Cluster points and equality of sets

Question

I am trying to understand a proof of the following result:

If $A $ is a subset of a fixed set $V $ in $\mathbb R^n $ then the boundary of $A $ in $V$ is $V\cap \partial A $.

The proof runs as follows:

The boundary of $A $ in $V$ is $(V\cap\overline{A})\cap(V\cap\overline{V\setminus A})$ which is equal to $(V\cap\overline {A})\cap(V\cap\overline {\mathbb R^n\setminus A})$ which is equal to $V\cap (\overline {A}\cap\overline {A^c})$ which is equal to $V\cap \partial A $.

What I don't understand is why $(V\cap\overline {A})\cap(V\cap\overline {V\setminus A})$ is equal to $(V\cap\overline {A})\cap(V\cap\overline {\mathbb R^n\setminus A})$? How can I rigorously show that this is true.
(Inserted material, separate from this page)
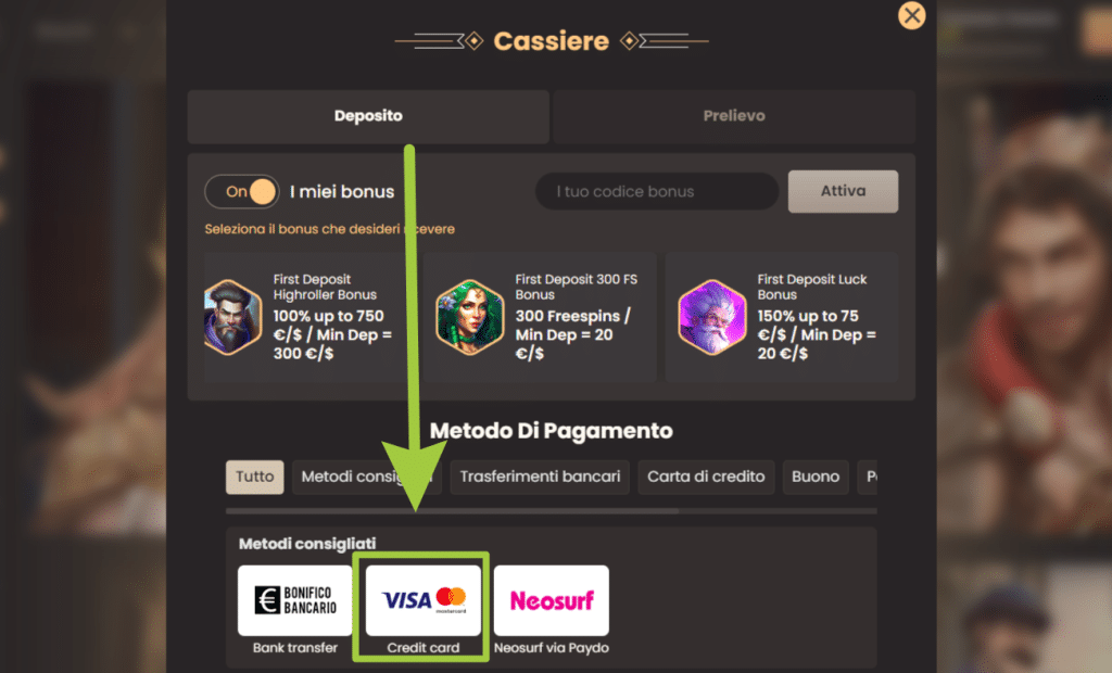 Solitamente sui casino mastercard e altri metodi, il bookmaker richiede all’iscritto di depositare un certo importo di denaro per poter riscattare il bonus. Il deposito minimo non è uguale per tutti i siti ma può variare, sebbene il range oscilli tra i 5 e i 25€.

The direction which is problematic is to show the RHS set within the LHS set.

Just to clarify here are the definitions: A point $a\in V$ is said to be a cluster point of $A $ in $V $ if every ball centred at it intersects $A $. The set of all cluster points of $A $ in $V $ is denoted by $\overline {A^V}$ and we denote the boundary of $A $ in $V $ by $\overline {A^V}\cap \overline {(V\setminus A)^V}$.

Answer 1

This is not true without some additional conditions. Let's see what goes wrong if we try to prove it:

Consider a point $$x \in V \cap \overline{\mathbb{R}^n \setminus A}\,.$$ Then clearly $x \in V$, and every ball around $x$ intersects $\mathbb{R}^n \setminus A$. Now there are two possibilities:

1. every ball around $x$ intersects $V\setminus A$. Then $x \in V \cap \overline{V \setminus A}$ and it is clear that $x \in (V \cap \overline{A}) \cap (V \cap \overline{\mathbb{R}^n \setminus A})$ if and only if $x \in (V \cap \overline{A}) \cap (V \cap \overline{V \setminus A})$.
2. there is a ball, say $B$, around $x$ not intersecting $V\setminus A$. That is, $V \cap B \subset A$, or equivalently that $x$ lies in the interior of $A$ relative to $V$. Then clearly $x \in V \cap \overline{A}$, so $$x \in \bigl((V \cap \overline{A}) \cap (V \cap \overline{\mathbb{R}^n \setminus A})\bigr) \setminus \bigl((V \cap \overline{A}) \cap (V \cap \overline{V \setminus A})\bigr)\,.$$

Thus we have $\partial_V A = V \cap \partial A$ if and only if option 2 never happens.

If option 2 happens, then $x$ lies in the boundary of $V$, for every ball around $x$ intersects $$(\mathbb{R}^n \setminus A) \setminus (V\setminus A) = \mathbb{R}^n \setminus V\,.$$ Thus if option 2 happens, then $x \in \partial V \cap \operatorname{int}_V A$. Conversely, it is easy to see that for $x \in \partial V \cap \operatorname{int}_V A$ option 2 applies.

So we have $\partial_V A = V \cap \partial A$ if and only if $$\partial V \cap \operatorname{int}_V A = \varnothing\,. \tag{1}$$

A trivial example where $(1)$ doesn't hold is any non-open $V$ and $A = V$, then $\partial_V A = \varnothing$ and $V \cap \partial A \neq \varnothing$.

This can never happen, i.e. $(1)$ holds for all $A \subset V$, if and only if $V$ is open.

Note: nothing in this uses particular properties of $\mathbb{R}^n$. If every occurrence of "ball around" is replaced with "neighbourhood of", the conclusion holds in any topological space for subsets $A \subset V \subset X$.